═══ AVAILABLE RECORDS ═══

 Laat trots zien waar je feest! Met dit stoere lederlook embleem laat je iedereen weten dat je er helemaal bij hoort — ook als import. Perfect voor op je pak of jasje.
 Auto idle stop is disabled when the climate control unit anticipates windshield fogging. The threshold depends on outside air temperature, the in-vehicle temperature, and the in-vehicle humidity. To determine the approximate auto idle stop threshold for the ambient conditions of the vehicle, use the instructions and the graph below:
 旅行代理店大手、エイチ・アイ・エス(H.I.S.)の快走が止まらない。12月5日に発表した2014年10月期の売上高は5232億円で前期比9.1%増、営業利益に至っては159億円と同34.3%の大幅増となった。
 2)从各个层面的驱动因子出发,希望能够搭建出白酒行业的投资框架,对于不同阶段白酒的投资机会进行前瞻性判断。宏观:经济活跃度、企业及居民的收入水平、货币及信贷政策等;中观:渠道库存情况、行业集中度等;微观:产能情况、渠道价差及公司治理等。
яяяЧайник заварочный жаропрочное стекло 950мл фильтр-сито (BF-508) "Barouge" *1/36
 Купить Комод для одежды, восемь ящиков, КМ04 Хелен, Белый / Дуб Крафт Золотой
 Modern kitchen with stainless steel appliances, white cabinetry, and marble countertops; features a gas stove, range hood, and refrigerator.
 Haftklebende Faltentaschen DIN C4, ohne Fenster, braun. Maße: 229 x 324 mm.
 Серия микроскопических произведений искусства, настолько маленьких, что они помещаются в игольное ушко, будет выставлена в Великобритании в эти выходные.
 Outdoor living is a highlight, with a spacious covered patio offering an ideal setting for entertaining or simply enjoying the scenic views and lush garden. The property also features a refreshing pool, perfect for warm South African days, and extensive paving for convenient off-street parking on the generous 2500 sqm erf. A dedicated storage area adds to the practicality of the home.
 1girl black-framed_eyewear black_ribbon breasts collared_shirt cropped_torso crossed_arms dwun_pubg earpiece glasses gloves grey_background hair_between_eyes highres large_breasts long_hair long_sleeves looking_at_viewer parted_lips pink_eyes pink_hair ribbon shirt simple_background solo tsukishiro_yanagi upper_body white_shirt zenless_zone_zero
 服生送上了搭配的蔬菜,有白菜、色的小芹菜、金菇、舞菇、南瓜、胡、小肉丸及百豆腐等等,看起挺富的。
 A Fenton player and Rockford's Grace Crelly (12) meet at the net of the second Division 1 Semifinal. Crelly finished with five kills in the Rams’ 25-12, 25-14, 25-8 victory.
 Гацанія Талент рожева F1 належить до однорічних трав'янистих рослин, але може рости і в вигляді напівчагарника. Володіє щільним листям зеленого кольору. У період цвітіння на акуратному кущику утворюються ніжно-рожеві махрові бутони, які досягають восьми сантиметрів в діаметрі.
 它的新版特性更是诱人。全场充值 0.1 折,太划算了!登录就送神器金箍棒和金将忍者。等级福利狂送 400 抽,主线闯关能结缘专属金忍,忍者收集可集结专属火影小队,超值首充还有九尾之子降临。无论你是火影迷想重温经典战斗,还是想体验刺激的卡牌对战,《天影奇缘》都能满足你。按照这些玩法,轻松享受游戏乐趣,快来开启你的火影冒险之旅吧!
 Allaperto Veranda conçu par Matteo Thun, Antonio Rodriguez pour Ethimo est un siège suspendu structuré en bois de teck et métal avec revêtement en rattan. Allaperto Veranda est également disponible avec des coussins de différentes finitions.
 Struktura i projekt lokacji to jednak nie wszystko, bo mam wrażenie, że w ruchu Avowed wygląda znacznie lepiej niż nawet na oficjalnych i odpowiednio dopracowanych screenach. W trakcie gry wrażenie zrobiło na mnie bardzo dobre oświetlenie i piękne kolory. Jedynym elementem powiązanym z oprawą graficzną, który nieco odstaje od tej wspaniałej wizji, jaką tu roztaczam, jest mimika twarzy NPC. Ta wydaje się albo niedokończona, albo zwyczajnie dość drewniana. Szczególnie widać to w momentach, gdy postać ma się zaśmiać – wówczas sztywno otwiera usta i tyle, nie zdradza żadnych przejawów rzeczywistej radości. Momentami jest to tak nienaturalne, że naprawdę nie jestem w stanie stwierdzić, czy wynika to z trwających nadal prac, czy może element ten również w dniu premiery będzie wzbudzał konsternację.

═══

* **REQUIRED WORK**
Only one stretch of the records above is wanted: the lines between the one holding "Купить Комод для" and the one holding "Allaperto Veranda conçu", inclusive, reproduced exactly.

* **ANSWER**
 Купить Комод для одежды, восемь ящиков, КМ04 Хелен, Белый / Дуб Крафт Золотой
 Modern kitchen with stainless steel appliances, white cabinetry, and marble countertops; features a gas stove, range hood, and refrigerator.
 Haftklebende Faltentaschen DIN C4, ohne Fenster, braun. Maße: 229 x 324 mm.
 Серия микроскопических произведений искусства, настолько маленьких, что они помещаются в игольное ушко, будет выставлена в Великобритании в эти выходные.
 Outdoor living is a highlight, with a spacious covered patio offering an ideal setting for entertaining or simply enjoying the scenic views and lush garden. The property also features a refreshing pool, perfect for warm South African days, and extensive paving for convenient off-street parking on the generous 2500 sqm erf. A dedicated storage area adds to the practicality of the home.
 1girl black-framed_eyewear black_ribbon breasts collared_shirt cropped_torso crossed_arms dwun_pubg earpiece glasses gloves grey_background hair_between_eyes highres large_breasts long_hair long_sleeves looking_at_viewer parted_lips pink_eyes pink_hair ribbon shirt simple_background solo tsukishiro_yanagi upper_body white_shirt zenless_zone_zero
 服生送上了搭配的蔬菜,有白菜、色的小芹菜、金菇、舞菇、南瓜、胡、小肉丸及百豆腐等等,看起挺富的。
 A Fenton player and Rockford's Grace Crelly (12) meet at the net of the second Division 1 Semifinal. Crelly finished with five kills in the Rams’ 25-12, 25-14, 25-8 victory.
 Гацанія Талент рожева F1 належить до однорічних трав'янистих рослин, але може рости і в вигляді напівчагарника. Володіє щільним листям зеленого кольору. У період цвітіння на акуратному кущику утворюються ніжно-рожеві махрові бутони, які досягають восьми сантиметрів в діаметрі.
 它的新版特性更是诱人。全场充值 0.1 折,太划算了!登录就送神器金箍棒和金将忍者。等级福利狂送 400 抽,主线闯关能结缘专属金忍,忍者收集可集结专属火影小队,超值首充还有九尾之子降临。无论你是火影迷想重温经典战斗,还是想体验刺激的卡牌对战,《天影奇缘》都能满足你。按照这些玩法,轻松享受游戏乐趣,快来开启你的火影冒险之旅吧!
 Allaperto Veranda conçu par Matteo Thun, Antonio Rodriguez pour Ethimo est un siège suspendu structuré en bois de teck et métal avec revêtement en rattan. Allaperto Veranda est également disponible avec des coussins de différentes finitions.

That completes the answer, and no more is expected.